Biography
Petar Popovski (Fellow, IEEE) is a Professor at Aalborg University, where he heads the section on Connectivity and a Visiting Excellence Chair at the University of Bremen. He received his Dipl.-Ing and M. Sc. degrees in communication engineering from the University of Sts. Cyril and Methodius in Skopje and the Ph.D. degree from Aalborg University in 2005. He received an ERC Consolidator Grant (2015), the Danish Elite Researcher award (2016), IEEE Fred W. Ellersick prize (2016), IEEE Stephen O. Rice prize (2018), Technical Achievement Award from the IEEE Technical Committee on Smart Grid Communications (2019), the Danish Telecommunication Prize (2020) and Villum Investigator Grant (2021). He is a Member at Large at the Board of Governors in IEEE Communication Society, Vice-Chair of the IEEE Communication Theory Technical Committee and IEEE TRANSACTIONS ON GREEN COMMUNICATIONS AND NETWORKING. He is currently an Area Editor of the IEEE TRANSACTIONS ON WIRELESS COMMUNICATIONS. Prof. Popovski was the General Chair for IEEE SmartGridComm 2018 and IEEE Communication Theory Workshop 2019. His research interests are in the area of wireless communication and communication theory. He authored the book “Wireless Connectivity: An Intuitive and Fundamental Guide”, published by Wiley in 2020.

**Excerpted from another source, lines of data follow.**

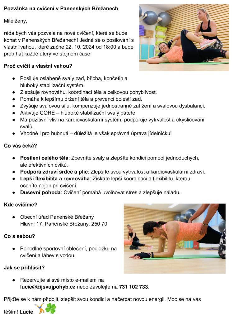 Od úterý 22. října bude na obecním úřadě probíhat nové posilovací cvičení pro ženy pod vedením zkušené trenérky Lucie Lovíškové. Více informací i možnosti přihlášení najdete v přiloženém letáku.
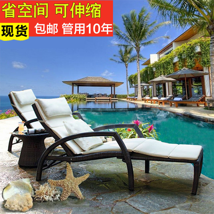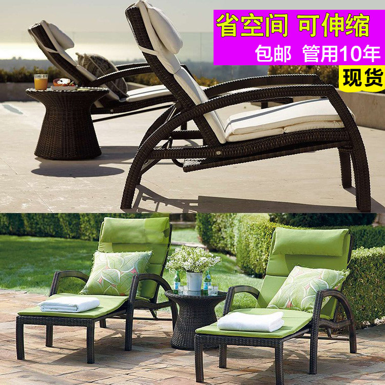 Outdoor bed rattan chair Balcony Folding lounger Pool lounger Leisure beach chair Outdoor Garden Lunch break
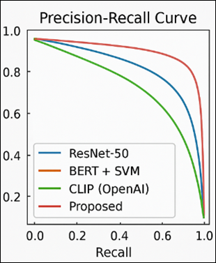 In the PrecisionRecall curve Figure 4, the area under the curve (AUC) of the proposed framework is always higher, which demonstrates superior discrimination of relevant and irrelevant concepts of ontology. This higher accuracy-recall ratio is due to the fact that the model simultaneously matches visual and textual context as well as ontological restrictions.
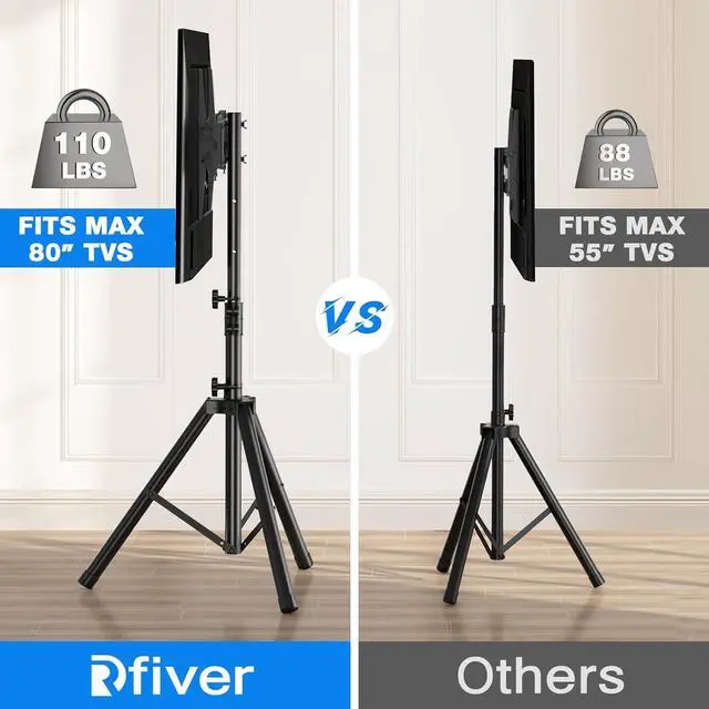 ULTRA STRONG FOLDABLE TV STAND - PROVIDE MORE SECURITY FOR YOUR TV: High-strength alloy steel material greatly increases the overall stability and load-bearing capacity; Our tripod TV stand with strong structure can securely hold up to 110 lbs; The triangular design on the base, coupled with anti-slip and anti-scratch rubber foot pads, adds stability and protects your TV; You can trust Rfiver' s foldable TV stand to protect your TV from falling
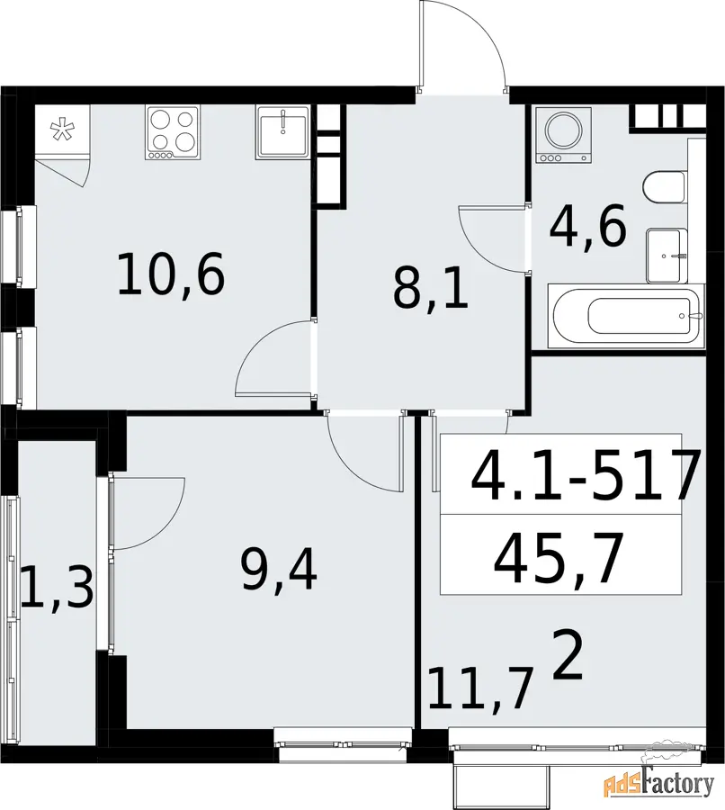 Корпус 4.1.2 в ЖК «Южные сады», в котором находится квартира, будет построен в 2027 году. Дом монолитный, в корпусе 4 подъезда, есть 1 пассажирский и 1 грузовой лифт.

Update: “Rethinking the Concept of Timing in 6G Wireless Connectivity“
Abstract: With the advent of 5G technology, the notion of latency got a prominent role in wireless connectivity, serving as a proxy term for addressing the requirements for real-time communication. As wireless systems evolve towards 6G, the ambition to immerse the digital into the physical reality will increase. Besides making the real-time requirements more stringent, this immersion will bring the notions of time, simultaneity, presence, and causality to a new level of complexity. A growing body of research points out that latency is insufficient to parameterize all real-time requirements. Notably, one such requirement that received a significant attention is information freshness, defined through the Age of Information (AoI) and its derivatives. This talk will present the general notion of timing in wireless communication systems and networks and its relation to effective information generation, processing, transmission, and reconstruction at the senders and receivers. It entails a general statistical framework of timing requirements in wireless communication systems, which subsumes both latency and AoI. It is shown how the framework can be used with different communication models of increasing complexity, starting from the basic Shannon one-way communication model and arriving to communication models for consensus, distributed learning, and inference.